At some point in the night, my daddy came home. I woke up and heard his voice. He and Mama were set up to sleep in the front room near the stove. I remember hearing his footsteps coming into our room. I can still smell his whiskey breath. He bent over Brenda’s bed. I heard harsh whispering; then it stopped. It sounded like two people leaving the room, but I was already falling asleep again, filled with a deep sense of unease.
The next day, as the sun just touched the horizon, Mama woke us. There was no breakfast and we had slept in our clothes, so fresh out of bed, Daddy took us straight to the fields to pick cotton. The fields were so long and wide that you could hardly see from one end to the other.
I imagine that little had changed since the Dust Bowl years. We worked from sunup until sundown. Workers would occasionally shuffle over to a fifteen-gallon milk can filled with tepid water, sharing one tin dipper between them. There were woods on one side of the field, a convenient latrine for us to use during the long workday. A large wagon, about thirty feet wide and fifty feet long, was parked in the middle of the cotton field. It was our job to fill its wire-sided bed with the day’s harvest. The foreman stood in the wagon at the center of the field handing out canvas sacks of various sizes to put the picked cotton in. My sisters and I had done this before. We scurried up to the wagon and tried to find the smallest sacks. Brenda gave me the shortest one; I was so small, I couldn’t drag a bigger one around the field for the whole day.
I took the bag and slung it over one shoulder, following Daddy to our row. Each family started to pick at one end of a row, and they didn’t wander from that area until the cotton was pulled from every bole. Daddy would choose the area, and each of us, except Robbie and me, would have his or her own row. I tried to stay in front of Brenda, because if I left too much cotton, the farmer would holler. If the farmer hollered at me, I’d pay hundredfold when Daddy got me home that evening.

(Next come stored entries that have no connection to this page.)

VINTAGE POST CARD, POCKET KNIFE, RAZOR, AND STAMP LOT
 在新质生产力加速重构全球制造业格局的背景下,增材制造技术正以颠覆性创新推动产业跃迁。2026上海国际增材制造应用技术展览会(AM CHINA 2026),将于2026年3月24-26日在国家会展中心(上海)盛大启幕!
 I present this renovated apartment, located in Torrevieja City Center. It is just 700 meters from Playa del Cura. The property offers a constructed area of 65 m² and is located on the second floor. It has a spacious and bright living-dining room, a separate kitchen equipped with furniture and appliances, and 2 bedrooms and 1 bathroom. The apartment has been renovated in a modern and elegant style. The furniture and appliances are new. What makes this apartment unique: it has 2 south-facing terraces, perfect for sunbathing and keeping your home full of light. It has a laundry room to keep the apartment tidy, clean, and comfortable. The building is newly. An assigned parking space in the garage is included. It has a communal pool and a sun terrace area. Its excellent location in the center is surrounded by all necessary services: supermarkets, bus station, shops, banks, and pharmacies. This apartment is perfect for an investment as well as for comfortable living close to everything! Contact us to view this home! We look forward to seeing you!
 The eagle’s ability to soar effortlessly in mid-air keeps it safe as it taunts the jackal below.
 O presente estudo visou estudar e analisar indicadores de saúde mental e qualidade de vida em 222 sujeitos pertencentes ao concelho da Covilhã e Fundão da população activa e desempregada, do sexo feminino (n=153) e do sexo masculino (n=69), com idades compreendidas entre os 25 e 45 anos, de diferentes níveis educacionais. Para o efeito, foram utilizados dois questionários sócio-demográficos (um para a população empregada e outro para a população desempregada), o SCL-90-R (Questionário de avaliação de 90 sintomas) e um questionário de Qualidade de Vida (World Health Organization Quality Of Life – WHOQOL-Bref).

The stalks had to be cleaned with no trace of cotton left in the dry brown boles. I glanced over my shoulder; Daddy was behind me. He was looking at me, a frown on his face because I wasn’t bent over picking. By the time I was twelve, I had to meet a quota of between ninety to a hundred pounds each day or he would beat me. When I was very small, though, my only requirement was that I had to keep working and not stop. Usually we poured my sack of cotton into my Daddy’s to keep the field boss from knowing how little I was able to pick.
The cotton grew in stalks, sometimes up to four feet high. Smaller stalks grew off the main one, and at the end of each of these sat a dry brown bole filled with a puff of cotton. Picking cotton was the worst work I can remember. By the time the cotton was ready for picking, its three-inch-long green pods had opened up to expose the cotton, the boles drying to a hard, deep brown, with four or five needle-sharp points on each end. That day, as I reached my hand down to pluck the cotton out from the center, one of those points cut into my hand and drew blood. I dropped the cotton into my sack and did not pause to put my finger into my mouth. Instead, I forced myself to move on to the next bole, and the next prick. Everyone’s hands bled when they picked cotton, and a few drops of blood were not unusual. Sometimes, at the end of the day, my hands would be so sore that I would pump water onto the ground and press my fingers into the cool wet mud to ease the pain.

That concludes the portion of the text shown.